In a nutshell, nobody actually knows what the consequences will be for the UK when (or indeed IF) the government invokes Article 50 of the EU Treaty, both in terms of recycling laws or indeed any other laws. These are uncharted waters and the only thing that can be said for certain is that there will be uncertainty – a great deal of uncertainty.
With environmental issues not having featured highly on the referendums campaign manifesto, it is likely that they will not be high on the government’s list as they navigate the UK out of the EU in what is predicted to be a lengthy process.
In the short term
In the short-term waste management businesses should expect no changes to take place in respect of recycling laws in the UK, and they should carry on exactly as they do now. Existing waste management laws will still apply and contracts that are in place will still need to be fulfilled. It should be remembered that with many of the environmental laws in the UK implementing international treaties and agreements we would still be bound by them – the Basel Convention on Transboundary Movements of Waste being the most obvious of these.
Long term scenario 1
If the UK come to an agreement with the EU that gives full access to the single market, then it is highly likely that EU environmental laws will still apply. This includes all laws that pertain to waste management as well. As a non-EU member however we would no longer have influence over the creation of new laws, as these are decisions that only EU members can vote on. Certain environmental laws could cease to apply in which case the government would need to make a decision on laws and policies in those areas, the Birds and Habitats Directives, amongst others.
Long term scenario 2
With environmental issues often pushed aside it is possible that the UK could negotiate a withdrawal agreement that does not include the need to continue to apply EU environmental laws here. The government might decide to continue with current waste management laws as they stand, because keeping them regulated makes sense. However, lowering the standards would give greater freedom to rogue operators.
Long term scenario 3
A third possible scenario is that in the event the UK does not have to apply EU laws, the government will be able to develop their own waste management laws and policies.

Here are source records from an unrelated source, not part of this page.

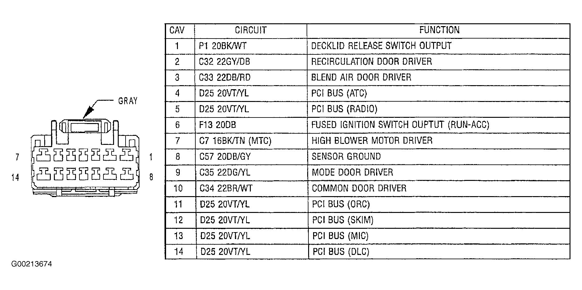 - Connect Black lead to chassis ground. Connect Red lead to ATC module connector terminal No. 2, PCI bus circuit (Violet/Yellow wire). Turn ignition on. Observe voltage display on scan tool lab scope. If voltage pulses from zero to about 7.5 volts, replace ATC module. See Figure -Figure . If voltage does not pulse from zero to about 7.5 volts, leave ATC module connector disconnected and go to next step.
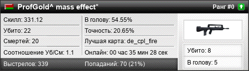 | de_cpl_fire | 9 | 3.00 | 1.62 | 1 | 4 | 00:05:33 | 09.02.2016 | |
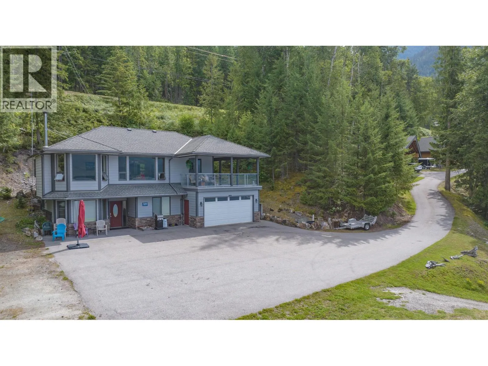 First time on the market—welcome to the legendary O’Brien’s on the Lake, a rare and breath-taking opportunity with endless possibilities. This stunningly maintained, income-producing property features three beautifully handcrafted log cabins, each radiating rustic charm and timeless craftsmanship. The main home includes a spacious rental suite with 3 bedrooms and a flex space, while the upper level offers 2 additional
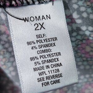 Roz & Ali Top Womens Plus Size 2X Black Geometric Short Sleeve Zipper Detail
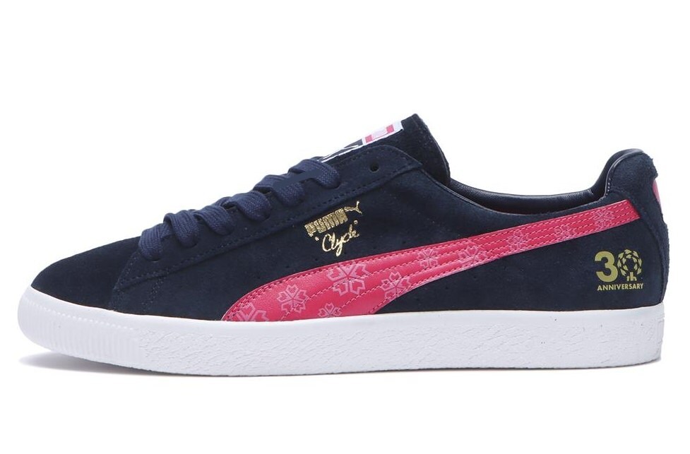 このコラボレーションモデルはPUMAのシグネチャースタイルであるCLYDEのMADE IN JAPANモデルで、チームカラーであるネイビーを基調に、セレッソピンクのフォームストリップに桜の花が散りばめられています。
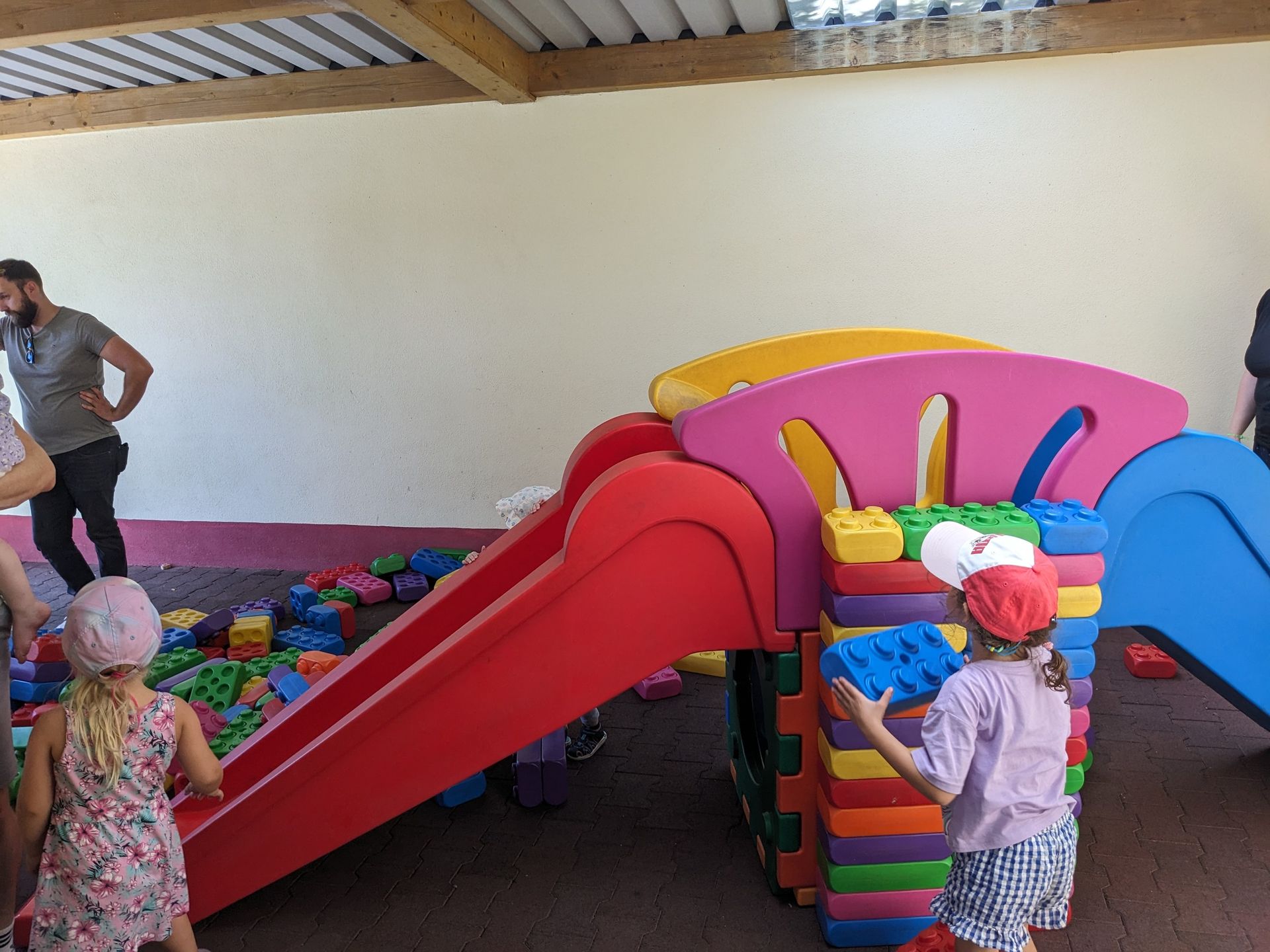 Und einen Spielbereich mit kleiner Rutsche gibt es auch:

The major stumbling point with such a scenario would be if some parts of the UK choose to create more stringent laws whilst others are laxer and choose to get rid of environmental laws and policies especially if they consider them a barrier to economic growth This would of course take into account any current laws and policies that implement international treaties and agreements.
Whilst we can speculate about what the possible outcome might be in terms of recycling laws nobody knows what the future holds, and with a leadership election currently taking place within the ruling party, it will be a while before anyone is in a position to push the metaphorical button that begins the whole Article 50 process. The UK waste industry, just like other UK industries, will just have to wait and see what happens.